-- TASK INPUTS --
--------------------

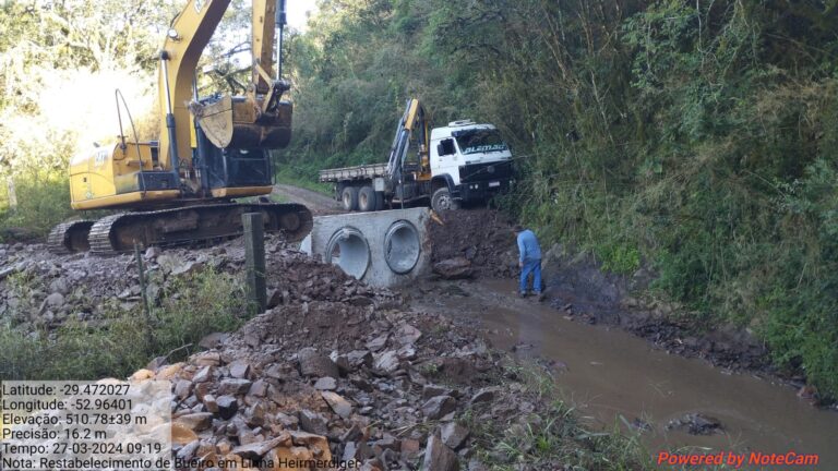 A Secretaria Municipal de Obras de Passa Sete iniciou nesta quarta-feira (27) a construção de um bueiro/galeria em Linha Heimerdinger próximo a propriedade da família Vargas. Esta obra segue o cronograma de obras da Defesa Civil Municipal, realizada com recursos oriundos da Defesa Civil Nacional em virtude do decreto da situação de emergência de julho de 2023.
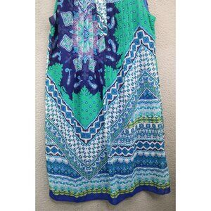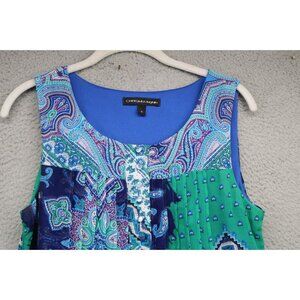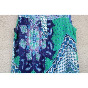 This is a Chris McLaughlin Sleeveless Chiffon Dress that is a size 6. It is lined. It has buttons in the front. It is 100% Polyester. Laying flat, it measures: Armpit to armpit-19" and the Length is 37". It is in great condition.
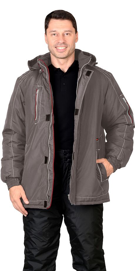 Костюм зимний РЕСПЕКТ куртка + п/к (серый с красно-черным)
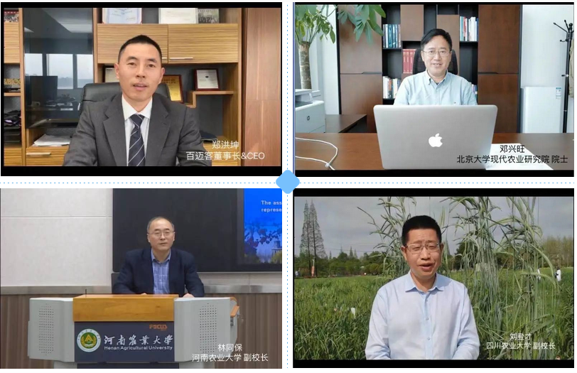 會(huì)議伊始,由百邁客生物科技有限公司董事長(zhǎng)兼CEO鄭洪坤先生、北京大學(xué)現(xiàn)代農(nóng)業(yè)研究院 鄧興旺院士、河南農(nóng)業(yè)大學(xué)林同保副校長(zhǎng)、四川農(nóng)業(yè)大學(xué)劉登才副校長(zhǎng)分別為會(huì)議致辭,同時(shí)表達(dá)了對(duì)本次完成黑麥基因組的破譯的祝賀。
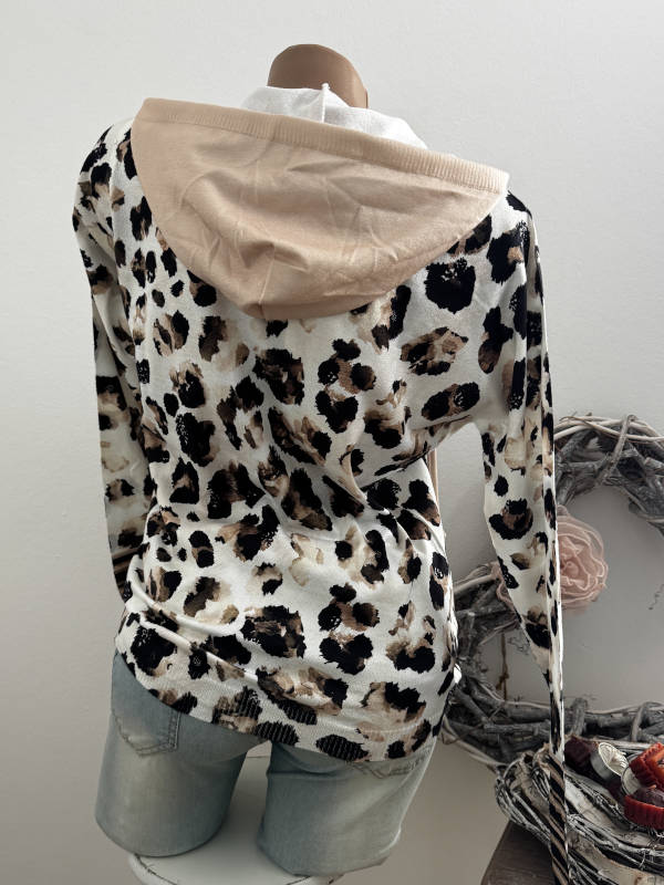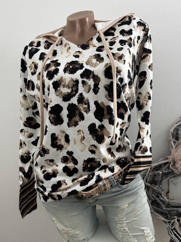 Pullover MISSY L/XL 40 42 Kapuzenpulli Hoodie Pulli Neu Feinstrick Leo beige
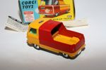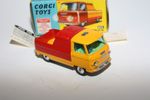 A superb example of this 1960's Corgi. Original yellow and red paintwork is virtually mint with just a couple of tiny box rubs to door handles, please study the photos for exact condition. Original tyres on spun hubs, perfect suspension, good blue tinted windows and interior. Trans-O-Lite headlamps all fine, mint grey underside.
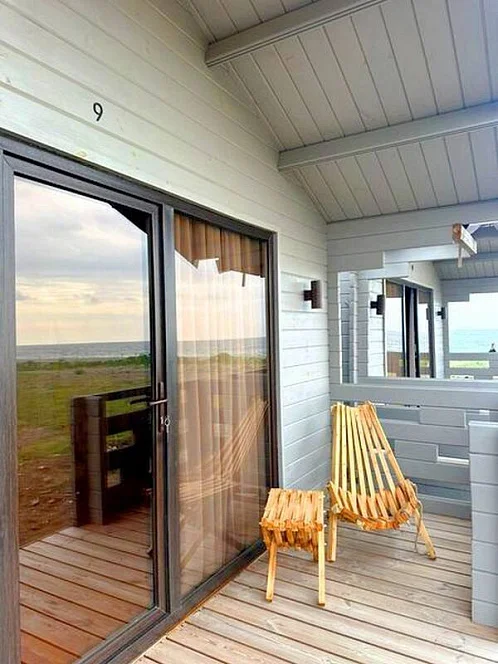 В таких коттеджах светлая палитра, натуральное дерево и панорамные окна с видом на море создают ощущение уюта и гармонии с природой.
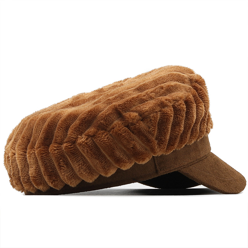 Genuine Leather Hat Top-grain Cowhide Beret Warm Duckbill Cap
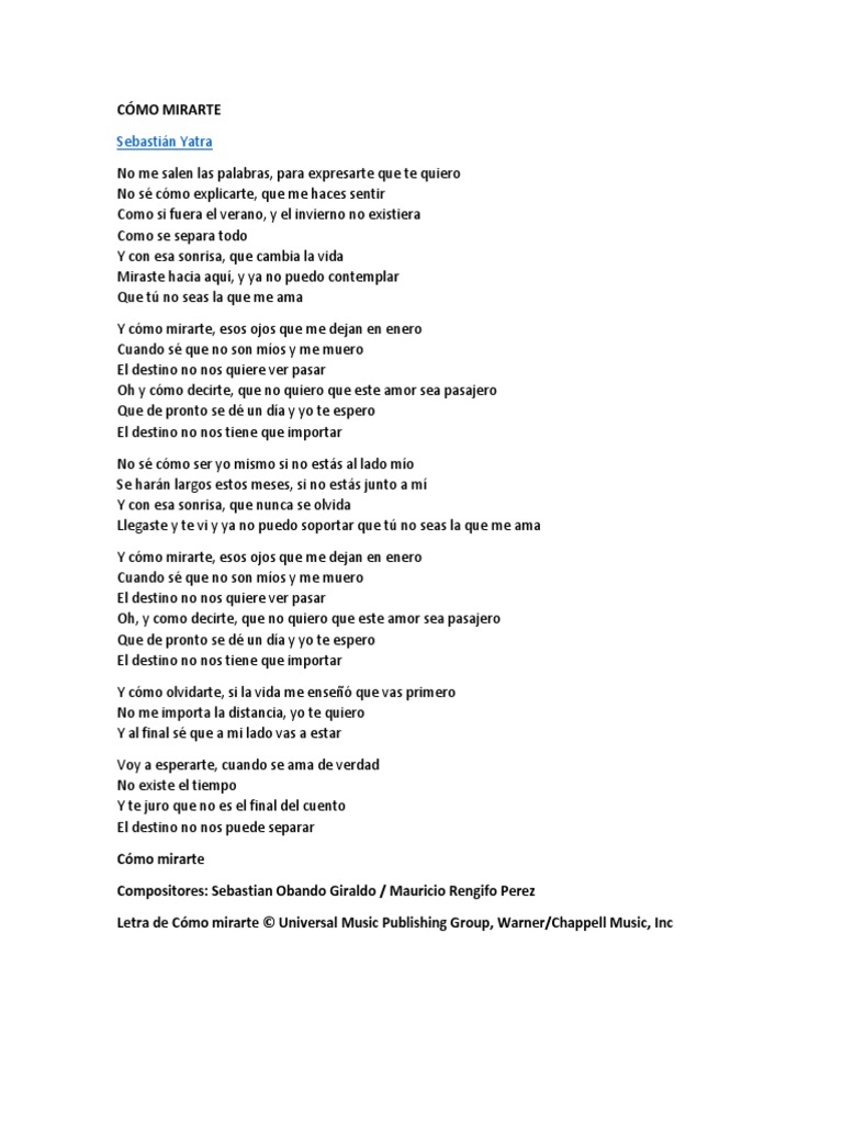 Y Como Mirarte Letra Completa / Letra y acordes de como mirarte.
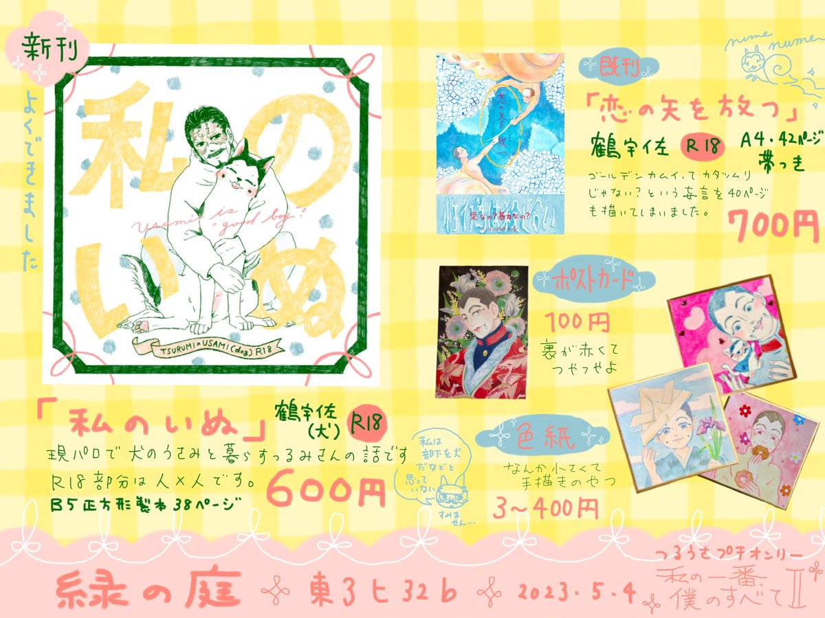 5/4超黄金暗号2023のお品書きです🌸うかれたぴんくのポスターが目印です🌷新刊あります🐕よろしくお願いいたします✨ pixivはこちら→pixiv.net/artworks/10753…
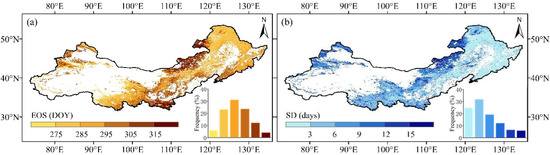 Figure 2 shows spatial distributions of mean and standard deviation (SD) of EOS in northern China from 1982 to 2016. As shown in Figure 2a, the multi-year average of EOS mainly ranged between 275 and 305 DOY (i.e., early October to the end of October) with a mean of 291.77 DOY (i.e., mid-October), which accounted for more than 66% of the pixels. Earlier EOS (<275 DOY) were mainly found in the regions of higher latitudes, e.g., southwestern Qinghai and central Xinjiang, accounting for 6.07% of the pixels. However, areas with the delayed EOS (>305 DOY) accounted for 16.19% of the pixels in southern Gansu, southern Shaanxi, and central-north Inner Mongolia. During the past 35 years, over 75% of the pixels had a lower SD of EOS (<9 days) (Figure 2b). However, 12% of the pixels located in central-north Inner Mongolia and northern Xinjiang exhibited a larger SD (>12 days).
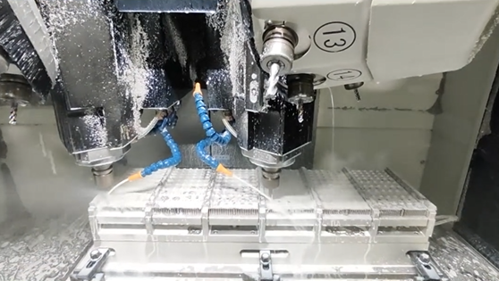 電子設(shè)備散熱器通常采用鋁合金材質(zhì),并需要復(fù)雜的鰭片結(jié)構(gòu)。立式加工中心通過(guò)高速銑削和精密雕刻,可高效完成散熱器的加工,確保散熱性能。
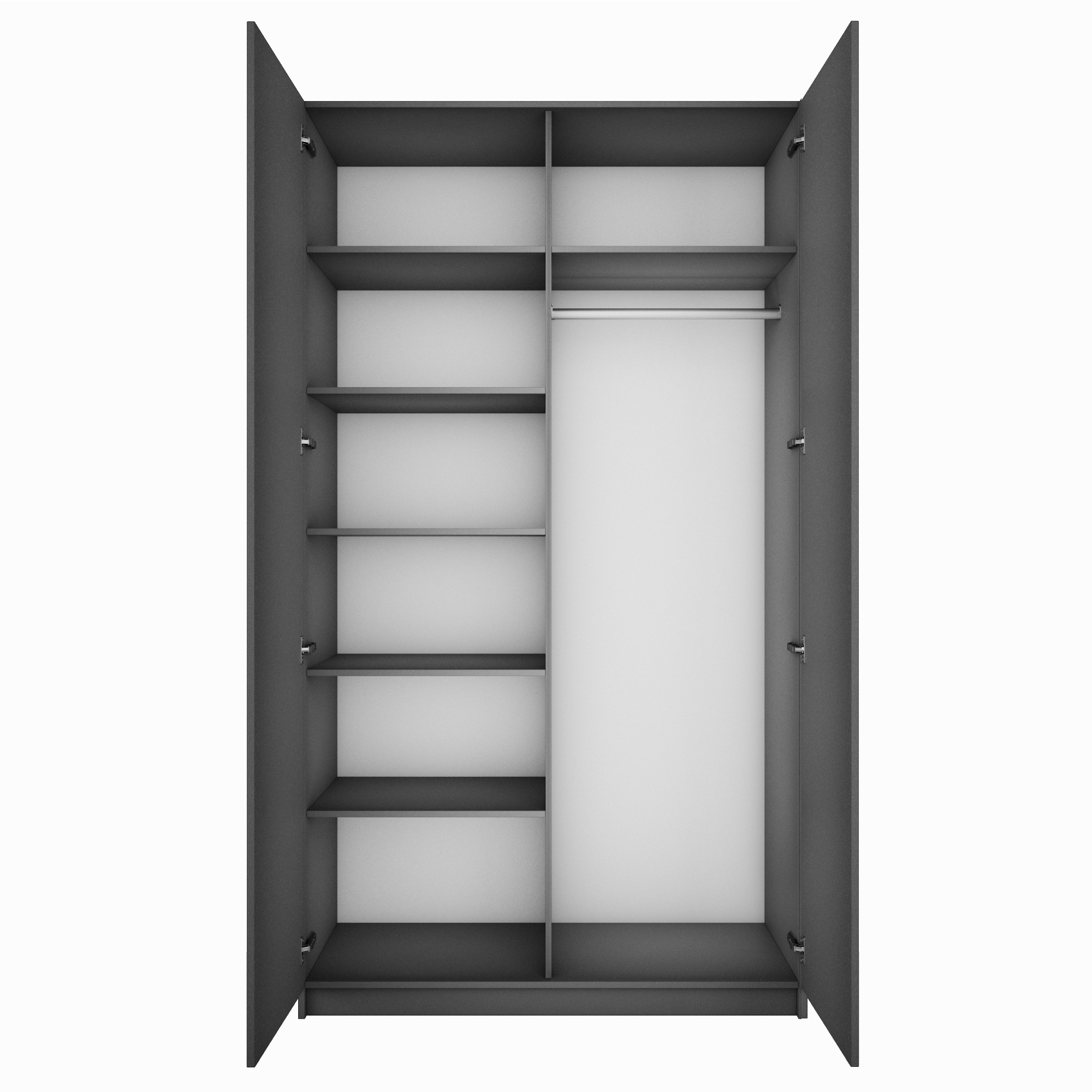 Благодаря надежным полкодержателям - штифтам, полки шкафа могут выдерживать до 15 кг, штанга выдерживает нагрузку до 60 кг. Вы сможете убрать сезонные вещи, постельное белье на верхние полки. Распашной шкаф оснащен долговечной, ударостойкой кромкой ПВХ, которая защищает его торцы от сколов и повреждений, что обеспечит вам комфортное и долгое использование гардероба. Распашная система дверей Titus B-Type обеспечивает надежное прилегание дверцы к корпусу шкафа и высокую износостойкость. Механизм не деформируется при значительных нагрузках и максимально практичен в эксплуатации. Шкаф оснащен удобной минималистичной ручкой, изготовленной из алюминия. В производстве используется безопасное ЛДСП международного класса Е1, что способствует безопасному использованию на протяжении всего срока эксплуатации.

--------------------

-- REQUIRED ACTION --
Return exactly the stretch above whose first line contains "Genuine Leather Hat" and whose last line contains "5/4超黄金暗号2023のお", and nothing outside it. The pictures should not appear.

-- OUTPUT FOR THIS EXERCISE --
 Genuine Leather Hat Top-grain Cowhide Beret Warm Duckbill Cap
 Y Como Mirarte Letra Completa / Letra y acordes de como mirarte.
 5/4超黄金暗号2023のお品書きです🌸うかれたぴんくのポスターが目印です🌷新刊あります🐕よろしくお願いいたします✨ pixivはこちら→pixiv.net/artworks/10753…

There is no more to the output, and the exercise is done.